The Jebification of Ron DeSantis
Republican donors hoped Ron DeSantis could replace Donald Trump as a right-wing populist without the chaos and ineptitude. Instead, DeSantis is looking more and more like Jeb Bush.

Florida governor Ron DeSantis gives remarks at the Heritage Foundation’s 50th Anniversary Leadership Summit at the Gaylord National Resort & Convention Center on April 21, 2023 in National Harbor, Maryland. (Anna Moneymaker / Getty Images)
Last November, things momentarily looked auspicious for Florida governor Ron DeSantis and his allies in the Republican Party. Having barely eked out a win in 2018 over Democratic rival Andrew Gillum, DeSantis’s reelection bid was a double-digit blowout. As the most prominent face in the GOP, moreover, Donald Trump could be made to wear its lackluster midterm results and, perhaps, finally be cast off for good. To many apparatchiks and big donors, it looked like a perfect opportunity.
For one thing, DeSantis’s electoral track record proved that he was a winner: in just a few years, he had dyed an erstwhile purple state deep red and could pitch himself as a candidate who could replicate the same result elsewhere.

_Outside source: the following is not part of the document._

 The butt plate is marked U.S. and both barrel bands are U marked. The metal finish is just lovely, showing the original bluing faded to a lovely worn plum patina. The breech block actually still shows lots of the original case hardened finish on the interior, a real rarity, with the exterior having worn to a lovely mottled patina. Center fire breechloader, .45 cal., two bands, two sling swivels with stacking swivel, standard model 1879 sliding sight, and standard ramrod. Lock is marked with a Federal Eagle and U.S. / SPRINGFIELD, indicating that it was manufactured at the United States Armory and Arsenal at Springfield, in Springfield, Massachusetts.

His political antennae also seemed well attuned to the desires of conservative voters. As Florida’s governor, DeSantis’s strategy has been to stimulate the pleasure centers of the Republican base as much as he possibly can: by dispensing with vaccine precautions; by attacking Disney over “wokeness”; by declaring war on “woke capitalism” and “gender ideology.”

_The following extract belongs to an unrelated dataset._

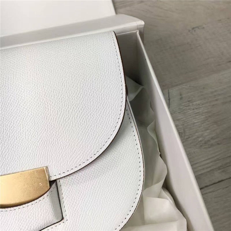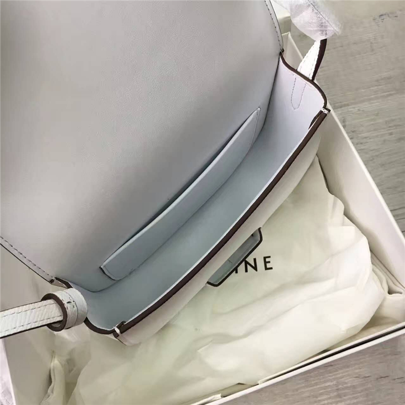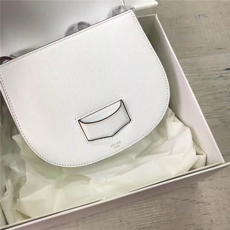 - 详细介绍:Celine 赛琳 Trotteur 小号牛皮女士单肩斜挎翻盖复古包马鞍包,马鞍包身形很讨喜,超级简洁的小包,圆润小巧可爱,简 单小翻盖设计,浓浓的复古感!完美走线,保证耐用美观。包扣采用高档复古五金,挂镀工艺,保证五金亮丽光泽,不褪色 。后幅附有插袋,时尚而使用方便,插袋可以放手机零钱。最简单的白色,却能搭配任何颜色,而五彩缤纷的颜色,也因为白色的存在才能凸显出各自的优点。简约、低调,够百搭,简直就是Celine的气质代表 !

It did not seem unreasonable, therefore, to think he might be offered to the GOP primary electorate as a kind of compromise candidate — someone who could provide an ersatz simulation of Trumpism while, at the same time, severing it from the actual personality of Donald Trump. To this end, the spin doctors went into high gear and the big donors duly opened their wallets. No less than Rupert Murdoch publicly warned Donald Trump that it was time to move on.